I received an email from Alex Lang and he asked about my current use of Electronic Lab Notebooks
Hi Dave,
I’m a physics graduate student who just started using a WordPress based ELN. I really found your thoughts on ELNs helpful, especially:
http://www.davelunt.net/evophylo/2009/03/wordpress-as-eln/
https://speakerdeck.com/davelunt/electronic-lab-notebooks-for-ug-students
Since someday I want to be a PI, I had some questions for you. If you would prefer to answer as a blog post, that would be fine by me.
I wondering if you could elaborate more on the mechanics of how you actually implement ELNs with your students. For example, some questions I had are:
Do students have an ELN on your website? Or do they host their own?
What happens when students leave the group? How do you keep a record of the ELN?
Does the whole lab share ELNs with each other? Or do you restrict it to you seeing students ELNs?
Do you ever share parts of the ELN with collaborators / outside people? Does that work out?
Thanks again for the insight into ELNs!
Alex
Hi Alex, thanks for the prompt to write something
Even though it was quite a while ago that I wrote my posts about ELNs most of it still holds for me. The post you link to above was talking about graduate students and postdocs, whereas the slides refer to undergraduates doing a short project but actually both are implemented in a similar way.
Do students have an ELN on your website? Or do they host their own?
What happens when students leave the group? How do you keep a record of the ELN?

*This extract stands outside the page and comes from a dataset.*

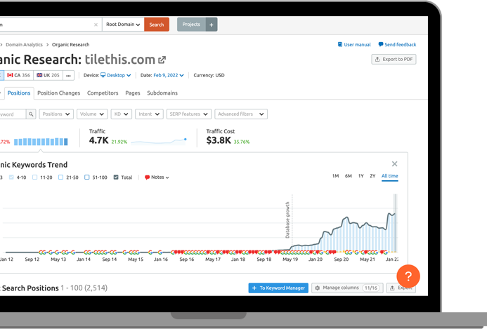 Tile This started with 96 page one keywords. Now (Feb. 2022) they have 528 keywords sitting on page one of Google.

I can answer these two together. I set up a blog ELN for all, and nobody sets up their own. Two reasons for this: Firstly, setting up a blog can be intimidating if you’ve never done it before, as many starting an ELN have not. Secondly, the blog is owned by me and can’t easily be deleted. This ensures I always have the experimental record even if researchers leave. I think this is important. Of course the researcher has admin rights and can always save a copy when they leave and take it with them, but I always retain the ELN record.

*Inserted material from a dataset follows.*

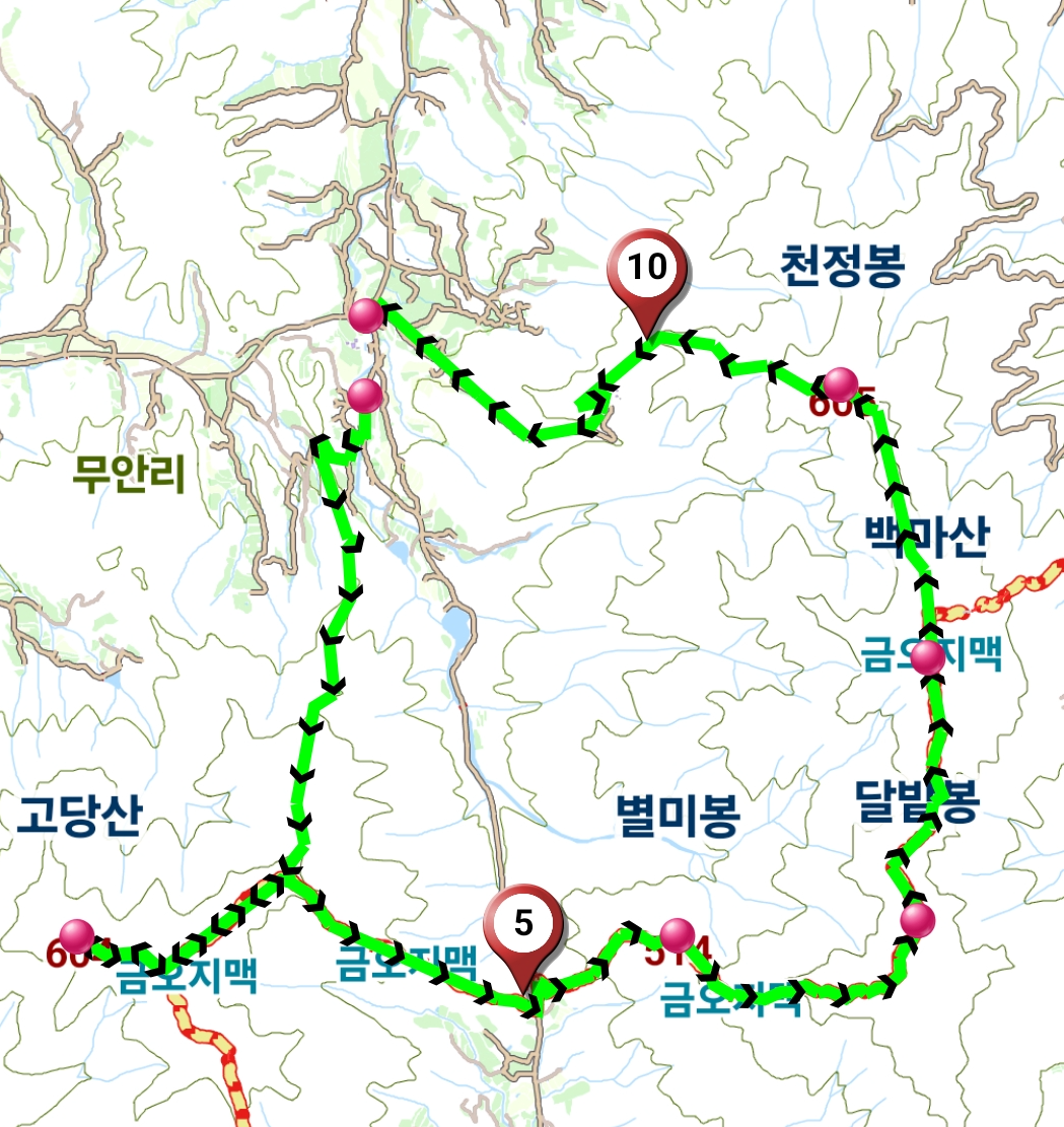 산행코스 : 별미령 - 별미봉 - 달밭봉 - 백마산 - 전망대(왕복)- 628봉 - 천정봉 - 고방사 - 봉곡리 백마수퍼(약 7.3키로)

I host all ELNs on WordPress.com. The reason is that I trust them more than I trust my personal domain. You will have a reduced list of themes and plugins that can be used, but it is fast and robust.
Does the whole lab share ELNs with each other? Or do you restrict it to you seeing students ELNs?

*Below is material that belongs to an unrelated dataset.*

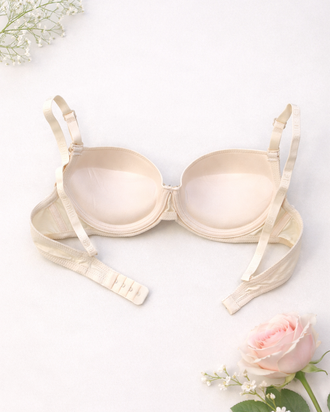 Знімні регульовані бретелі та застібка ззаду на один гачок із чотирма регулювальними позиціями.

Actually, only the project supervisor (me) usually sees the ELN. This is not really a decision, just how it worked out. I would be happy to let anyone in the lab see, and the people writing the ELN probably wouldn’t mind either, but nobody really wants to read the experimental minutiae apparently. We have regular lab meetings and this provides all the details most people want. Sometimes I will add a postdoc and a PhD student onto each other’s ELN if they are on similar projects, but generally people are happy without seeing details. In some ways I think this is a shame, we can all learn something from seeing how others do science and write up the record. I may try to change that and put everyone on every ELN by default.
Do you ever share parts of the ELN with collaborators / outside people? Does that work out?
I have shared an ELN with another co-I on a grant. It worked well, though it was not a major source of info for them (I don’t really know how often they read it). They preferred meetings where the researcher would summarise and discuss rather than reading the experimental record (which is sometimes a bit dry). Other co-Is have not really wanted to even see the ELN. I however quite enjoy enjoy browsing new work by my people and I am excited when I get a new post notification!
This brings me to something I hadn’t really thought much about before. Use of ELNs is not primarily a technology issue, it is a personality issue. If you don’t want to read a paper notebook, you won’t want to read an electronic one. Even if you don’t want to read other ELNs you should still keep one yourself:
- It will help you in writing your manuscript. Some descriptions and methods will already have been written and only require copy/paste. I recently saw an excellent ELN post by my postdoc Amir that was a manuscript draft. Just explaining in the ELN what had been done and what conclusions could be drawn had created that first manuscript version.
- It is more robust. Your leaking ice bucket cannot ruin the whole year’s experimental record. There is version control. It is backed up in the cloud and if you are wise it has a regularly saved local copy too.
- The features of a WordPress ELN make it powerful. Search, tags, and categories make my day much easier and more productive.
- I think it is just easier to keep information this way; easier to paste in text, and screenshots, and protocols, and web links. Even for people working at the bench rather than the computer I think it is easier.
My personal ELN is still very successful I think. I don’t research every day which makes the search function vital. I have had some minor failures but it is the best experimental record I have ever kept. My failures have taught me about the value of records with lots of searchable tags, the importance of explicit data file versions, and never to scribble something to ‘type up later’. The times the ELN gets flaky is when I’m too impatient and do the next thing before really creating a record for the last.